Canonical tags let you specify which among multiple duplicate pages is the primary, preferred version of a page.
Any website can suffer from duplicate content issues – and you might not be aware that some of your content is viewed as duplicate.
Without the canonical tag, you are at the mercy of search engines – they will select the canonical version themselves. And, they may very well choose one that you don’t view as representative of the given content. This can severely impact your search visibility and rankings.
This guide explains the characteristics and best practices for using canonical tags to address duplicate content issues on your website.
A canonical tag helps Google consolidate duplicate URLs. It’s a snippet of code that is used to tell search engines that a particular URL should be treated as the main (canonical) version of a page.
The most common technique to implement canonical tags is to add the following snippet of code to the HTML of a page:
<link rel=“canonical” href=“https://example.com/sample-page/” />
The code signifies that the canonical page is located at the specified URL.
Canonical tags are used to address duplicate content issues – but what content do search engines consider duplicate, and how do they treat it?
Search engines and duplicate content
Issues with duplicate content arise from the simple fact that search engine crawlers look at pages differently than users.
For a search engine crawler, each of the following URLs is different:
While a user pays attention to the content on a page, crawlers perceive each URL address as a separate entity, even when multiple pages have identical content.
Duplicate content issues tend to be particularly severe for eCommerce sites but are not limited to them. Many modern websites automatically add tags and parameters to URLs, e.g., for sorting or filtering pages, and they often utilize numerous paths leading to the same content.
Multiple versions of your URLs can also exist if you use different URL structures – e.g., your URLs come both as www and non-www, with and without trailing slashes, with HTTP and HTTPS protocols, and in any other formats.
This can lead to duplicate content, which search engines are reluctant to index.
Specifically, when search engines come across duplicate content, they struggle to decide:
- Which page should be indexed,
- Which page should rank for relevant keywords, and
- Whether they should consolidate ranking signals under one URL or split it between multiple pages.
Though search engines can deduplicate pages for ranking purposes, it’s risky to let them choose the canonical URL – they may select a page that is not the most representative version of your content.
How does Google choose canonical pages?
It’s important to note that Googlebot will not always follow your canonical tags, as they only serve as suggestions for how a given URL should be treated.
Google looks at many other on-page factors when choosing the canonical version.
These factors include, among others:
- Internal and external linking,
- Clean URL structure,
- The use of the HTTPS protocol.
You can check whether Google respected your canonical tag or selected a different one using the URL Inspection tool.
Google uses the canonical pages as the main sources to evaluate content and quality.

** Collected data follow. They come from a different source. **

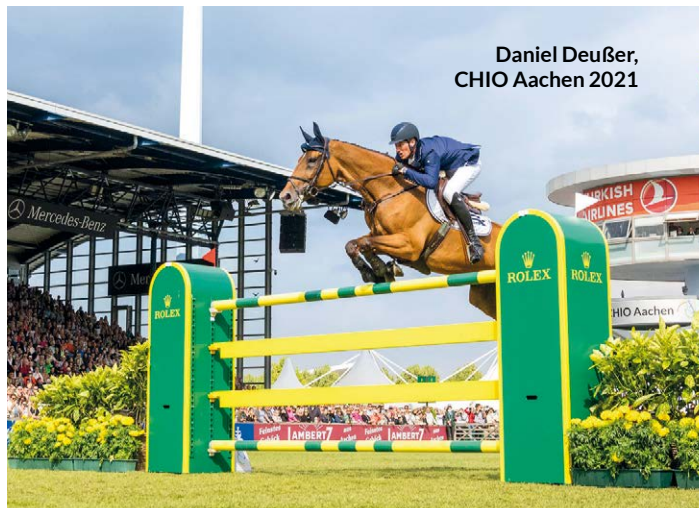
Daniel Deußer, CHIO Aachen 2021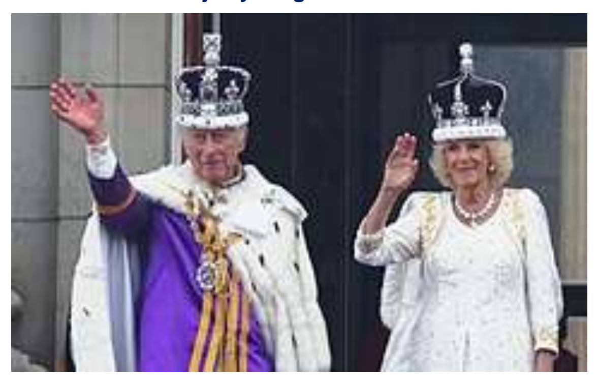
King Charles and Queen Camilla.

The bells also rang out at 10am, in St Mary's Church, Ruabon on Saturday 6<sup>th</sup> May, in celebration of the Coronation of His Majesty King Charles III.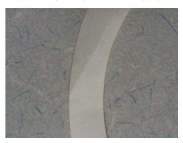
Step#3 - Peel the shiny paper off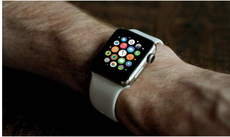
Figure 8: A smartwatch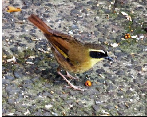
Yellow-throated Scrubwren in backyard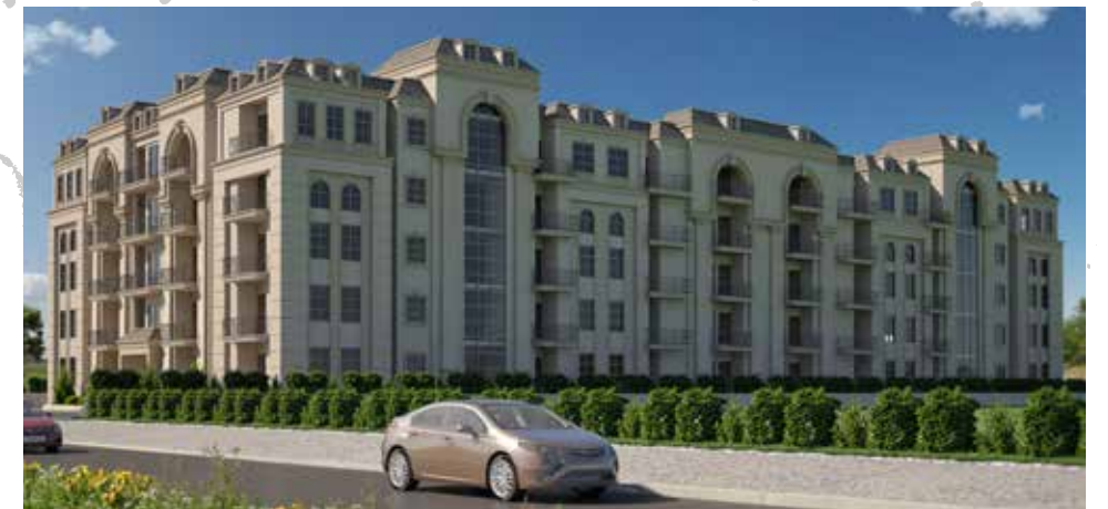
Upcoming Project in Mumtaz City, Islamabad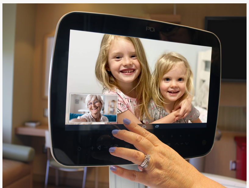
Senior living resident using TeleRay and PDi Communication unit during Covid19 pandemic.

About PDi Communication Systems, Inc: Ohio-based PDi is celebrating 40 years as the US leader in design and manufacture of the most versatile, complete hospital TV and tablet display systems. Designed for stringent hospital cleaning standards for infection control, our products range from 14" touch screen mobile TV carts, to 19" bedside displays mounted on arm systems up to 72" reach, and Smart wall TVs from 24" thru 55" screen sizes. PDi provides enhanced entertainment and communication solutions to improve the patient experience with smart technology for many healthcare settings. With 1,000,000 TVs sold, many healthcare managers appreciate the proven PDi product features and guaranteed installation by PDi ProServices. For more information, please contact Marisa Vilardo, mvilardo@pdiam.com or Cat Saettel.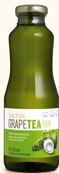
WHITE TEA WITH MOSCOTTO GRAPE AND COCONUT WATER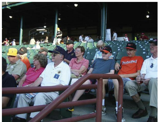
The game was great fun for all attendees.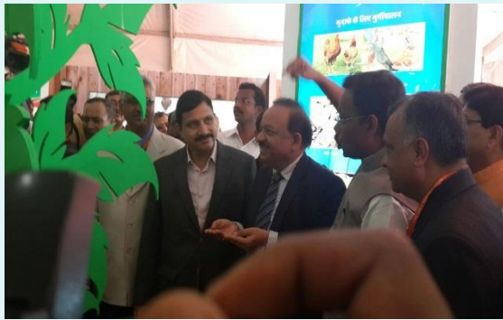
Shri Harshvardhan, Union Minister of Science and Technology at ICAR Exhibition Stall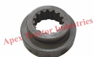
Part No. AP 1808-B Chain Gear Coupling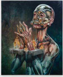
Kye Christensen-Knowles Behind the Curtain of Silence , 2021 oil on canvas 72 x 60 inches (182.88 x 152.40 cm)

LOMEX ALEXANDER SHULAN FINE ART 86 WALKER # 3, 10013 917.667.8541 INFO@LOMEX.GALLERY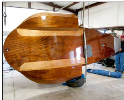
Completed bottom, ready to turn over.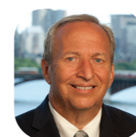
Lawrence Summers The 8 th Director of the National Economic Council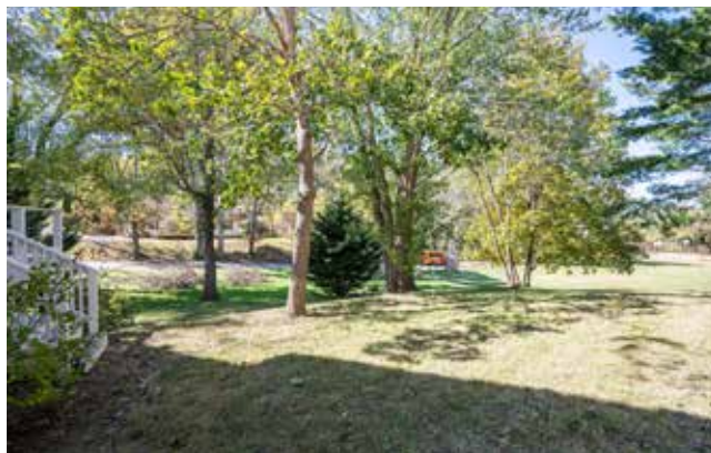
Property Backs to Greenspace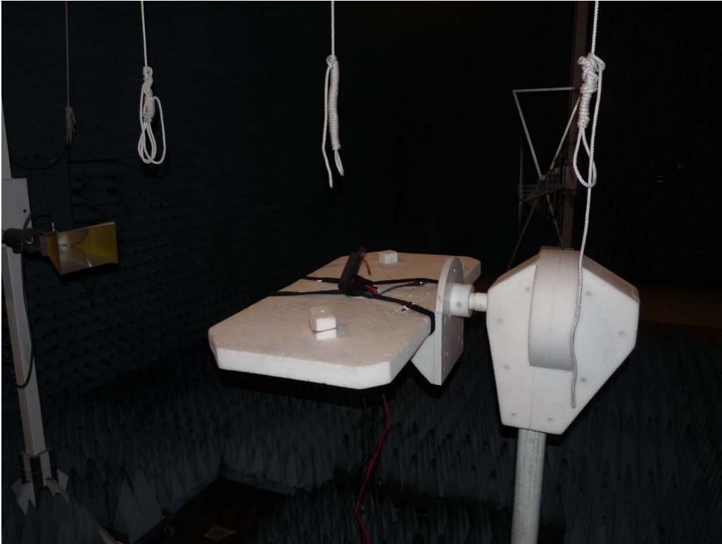
Photo 3: Test setup for radiated measurements (Enclosure, fully-anechoic chamber, 1-18 GHz intentional radiator §15 / 30 MHz – 10/20 GHz §22/24/27)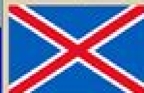
Autonomous Province of Beirndeighe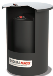
400 Litre CTB4001 1160 X 1580 H 88 gallons 0.4 cubic metres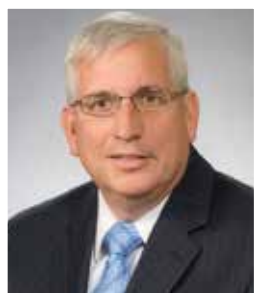
USA: Massachusetts Samet & Co.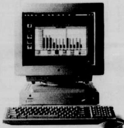
Macintosh LC 475 4/80, Apple Color Plus 14" Display, Apple Keyboard II and mouse Only $1,287.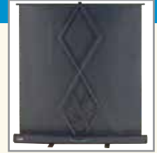
Portable Type Projector Screen Comparison Chart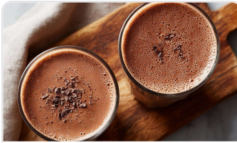
Lactose-free banana cocoa smoothie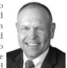
Sen. Tom Brandt

Owners of modern farm machinery would have had the same access as authorized dealers to the software, tools, technical manuals and parts needed to make repairs under LB543, introduced last session by Plymouth Sen. Tom Brandt. The bill would have required original equipment manufacturers to make available, on fair and reasonable terms, the documentation, parts and tools needed to diagnose, maintain or repair electronics-enabled agricultural equipment to independent mechanics or the equipment's owner.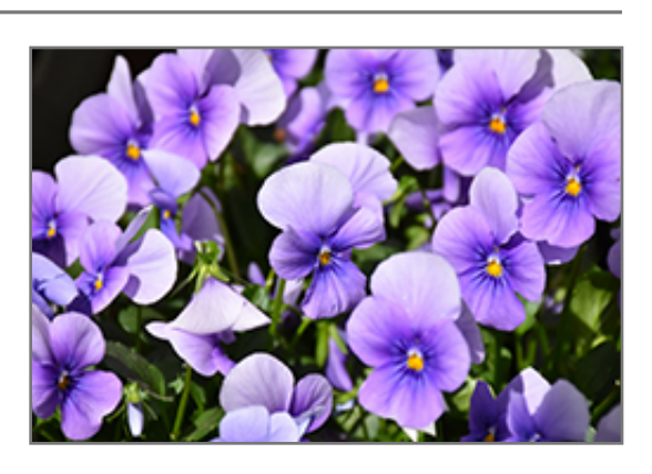
Sorbet Icy Blue Pansy flowers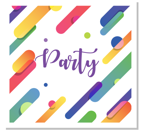
Pro9431E Four Colour Digital Printing (CMYK)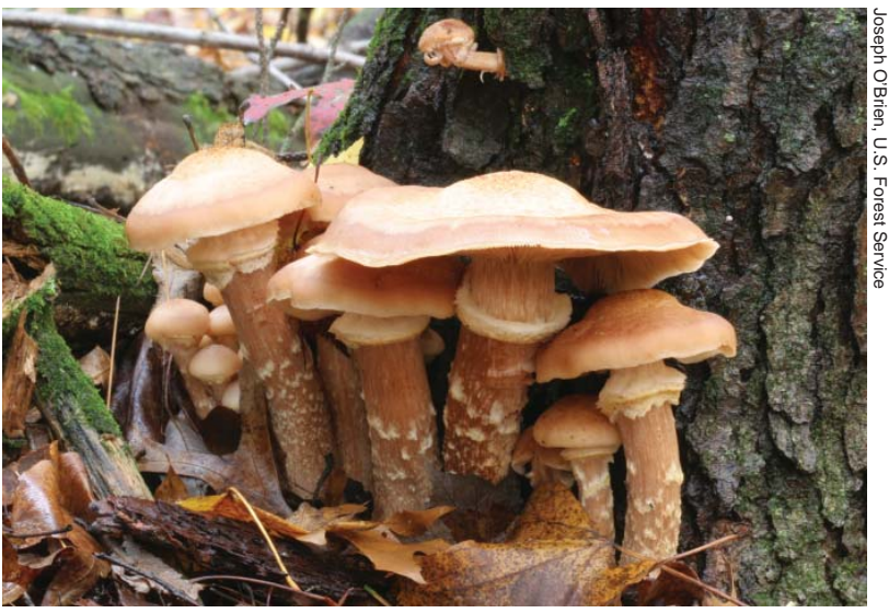
Armillaria sp. with characteristic ring (annulus) on the stems.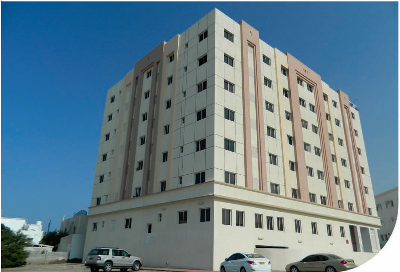
Residential building in al-Ghubrah (behind Waleed Pharmacy Head office)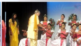
Award ceremony of the 5th and 6th batches of "Seth Sevana"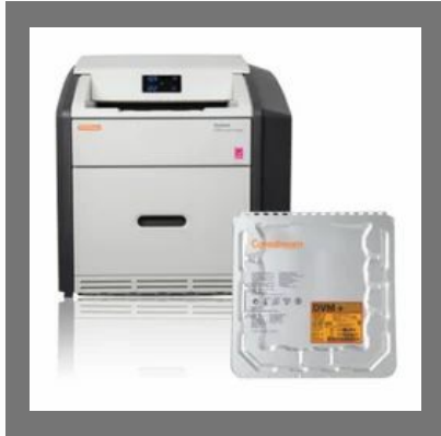
DV 5950 Laser Imager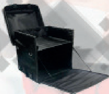
COURIER COMPANY BAG DESIGN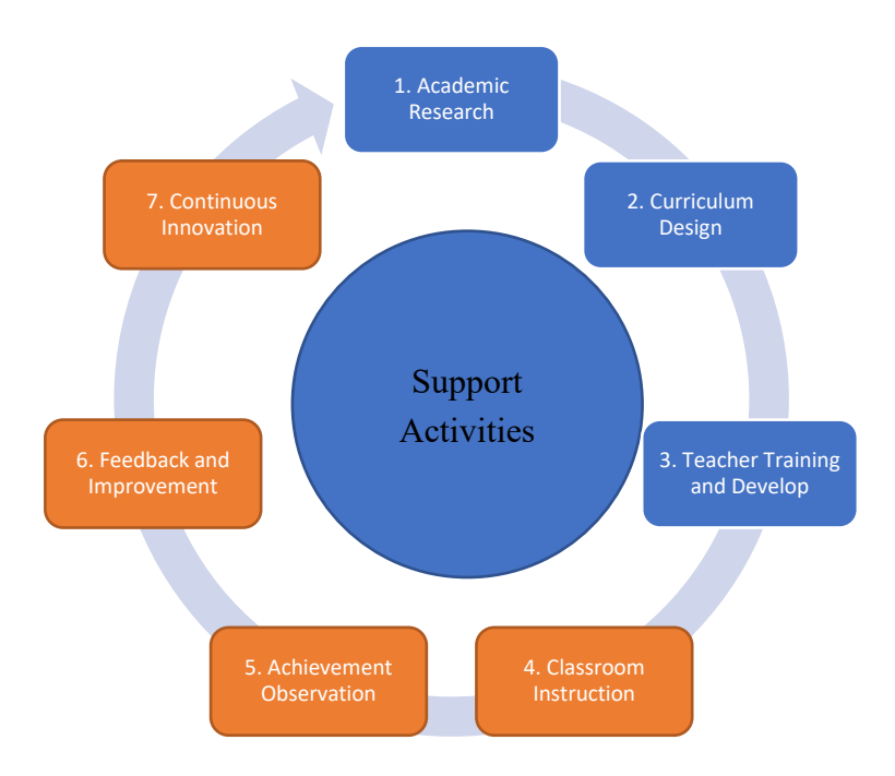
Fig. 2. Sustainable value Chain model in which the value stream is spirally enhanced by the value-added primary activities in each sector and the support activities are centered to provide support for each sector.

In today's fast-changing business environment, boundaries between businesses are no longer just physical. With developed digital technology that delivers various services and information, businesses require a strategic approach to their value chain to overcome the boundaries that may hinder growth and success. One way to achieve this is to identify the primary internal or external activity of the organization to create the value chain in each sector of business. According to a study by Linder and Cantrell (2000), this helps businesses identify the sources of value creation and determine how to allocate resources to maximize value. By focusing on the activities that are most critical to the value chain, businesses can enhance the overall value they deliver to customers.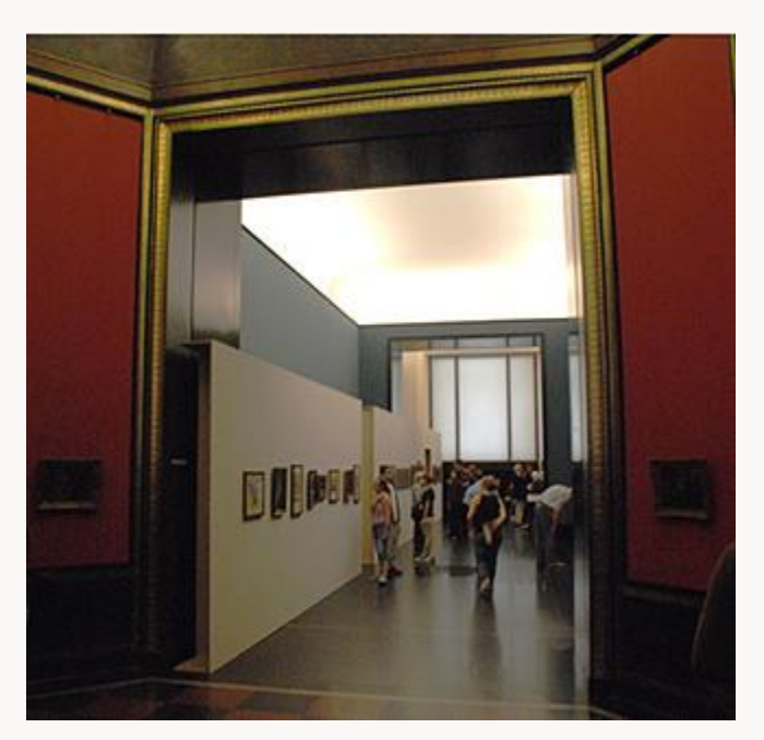
Fig. 4, Installation view of Menzel's Extreme Realism showing white walls of temporary exhibition works. [return to text]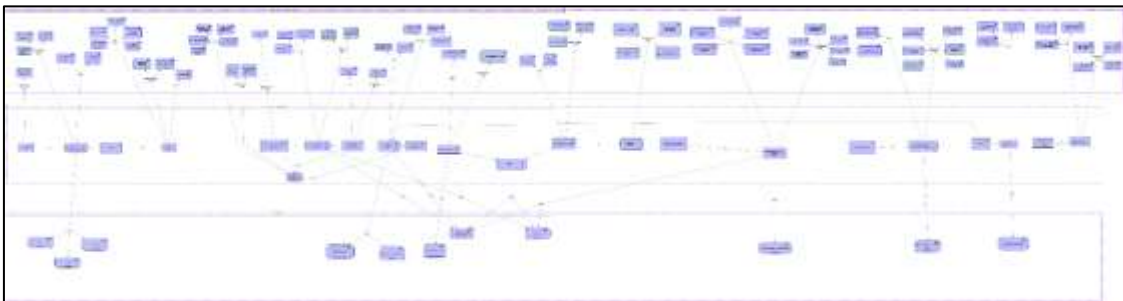
Fig. 1 Yoma Governance Model

The governance model's primary concern is to list the actors participating in the Yoma ecosystem. The actor is an entity that is capable of performing behaviors or activities in Yoma. The governance model attaches a role for each actor. The role is the characteristic set of behaviors or activities undertaken by Yoma actors. Multiple actors can share the same role if they perform the same activities. For example, Guardian and Youth are sharing the role as educational credential holders. Social Impact Organization, Education Opportunity Provider, and Youth Credential Verifier also share the same role as Yoma Organizational Member. The governance model presents actors/roles essential details like the rights, responsibilities, rules, and incentives. Rights are a privilege to perform a particular behavior or activity. Responsibility is a behavior or action that actors or roles can be held accountable for. The rule is a regulation or principle that governs conduct in Yoma. The incentives are the motivational factor of the actors or roles to take action. Fig. 1 Yoma Governance Model.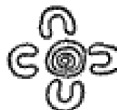
Usually means four women sitting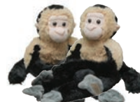
Capuchin Monkey 21" (Set of 2)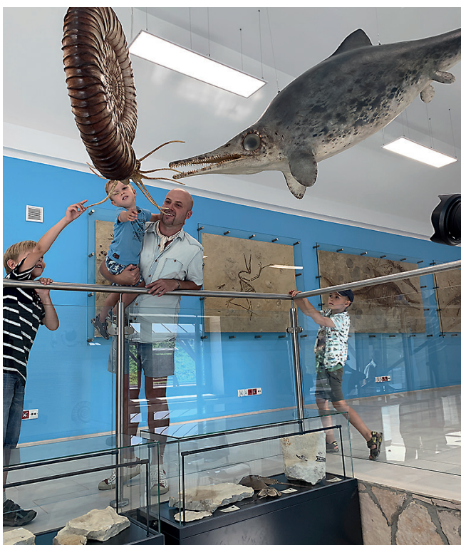
Fig. 6. The palaeontological pavilion presenting life-size reconstructions of animals which inhabited the local seas and islands during the Late Jurassic.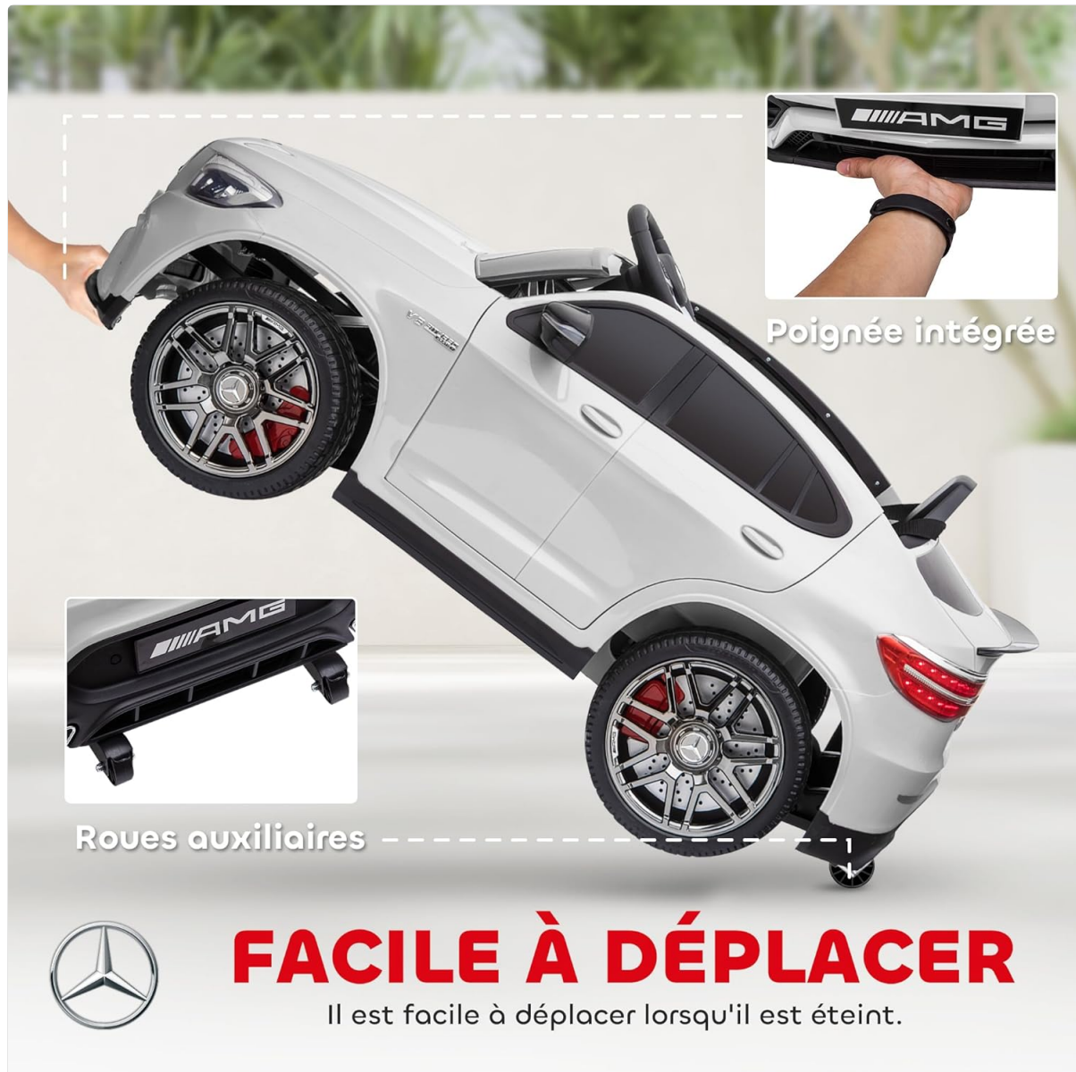
Figure 7.1: The integrated handle and auxiliary wheels facilitate easy movement of the car when it is powered off, aiding in storage and transport.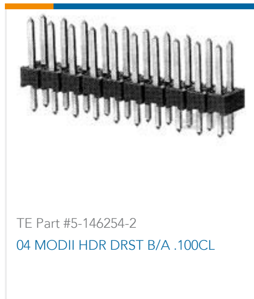
TE Part #5-146254-2 04 MODII HDR DRST B/A .100CL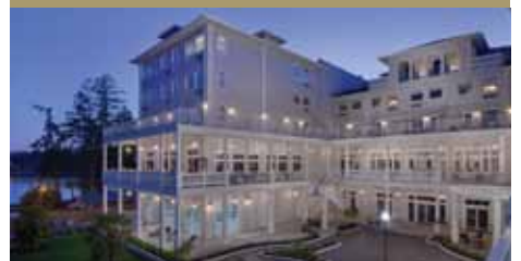
Distinct Style and Plush Amenities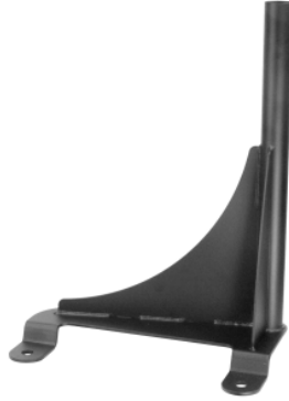
RAM-VB-143 VEHICLE BASE FOR THE 200 NEWER- EXPRESS SAVANA VAN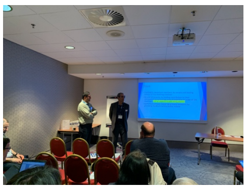
Figure 1 - EMPOWER-PAWR joint meeting

The main objective of the joint meeting was liaised key persons in Europe and USA to share information and start discussing possible joint activities related to advanced wireless platforms at both sides of the Atlantic towards 5G and beyond 5G technologies. In addition, the ongoing work of the three ICT-17-2018 projects (5G-EVE, 5G-VINNI, 5G-GENESIS) and the ongoing NSF PAWR projects (COSMOS, RENEW, POWDER) were presented. Each of these projects shortly highlighted the services provided by their projects, the infrastructure available at this stage and their roadmap.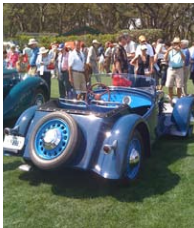
The Georges Irat on display at the Amelia Island Concours event.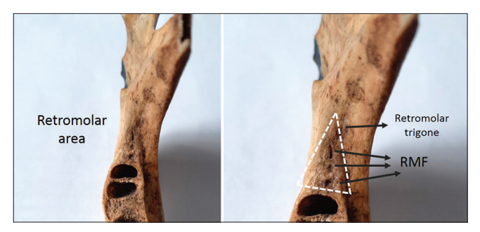
Figure 2: Anatomy of retromolar area showing the retromolar trigone and retromolar foramen (black arrows). RMF: Retromolar formamen

Thus, this study aimed to evaluate the anatomic considerations during the placement of retromolar miniplates and study the characteristics of the RMF using CBCT in a South Asian population sample.

A Google Search result usually points to the canonical page, unless one of the duplicates is explicitly better suited for a user. For example, the search result will probably point to the mobile page if the user is on a mobile device, even if the desktop page is marked as canonical.source: Google’s documentation
Watch this video that explains how Google chooses canonical URLs.
A proper strategy for using canonical tags is essential for your website’s success on Google, which is why it’s an integral part of Onely’s technical SEO services.
Don’t forget that simply adding canonical tags won’t fix all problems with duplicate or thin content.
Your main objective should be to eliminate the core problems that cause these issues. Focus on analyzing whether you can remove or improve the content on duplicate pages to make it more unique and perhaps provide more value to the user.
Nonetheless, accurately marking up your pages with canonical tags is a step forward in dealing with duplicate content.
Let’s analyze how you can benefit from canonical tags and when to use them.
By adding canonical tags, you can:
Specify which page should appear in search results
Search engines aim to provide the best user experience – that’s why they will rarely show more than one version of the same content in search results.
Canonical tags give you a chance to enhance the search visibility of the most representative page version which can increase organic traffic to this page and translate into business benefits.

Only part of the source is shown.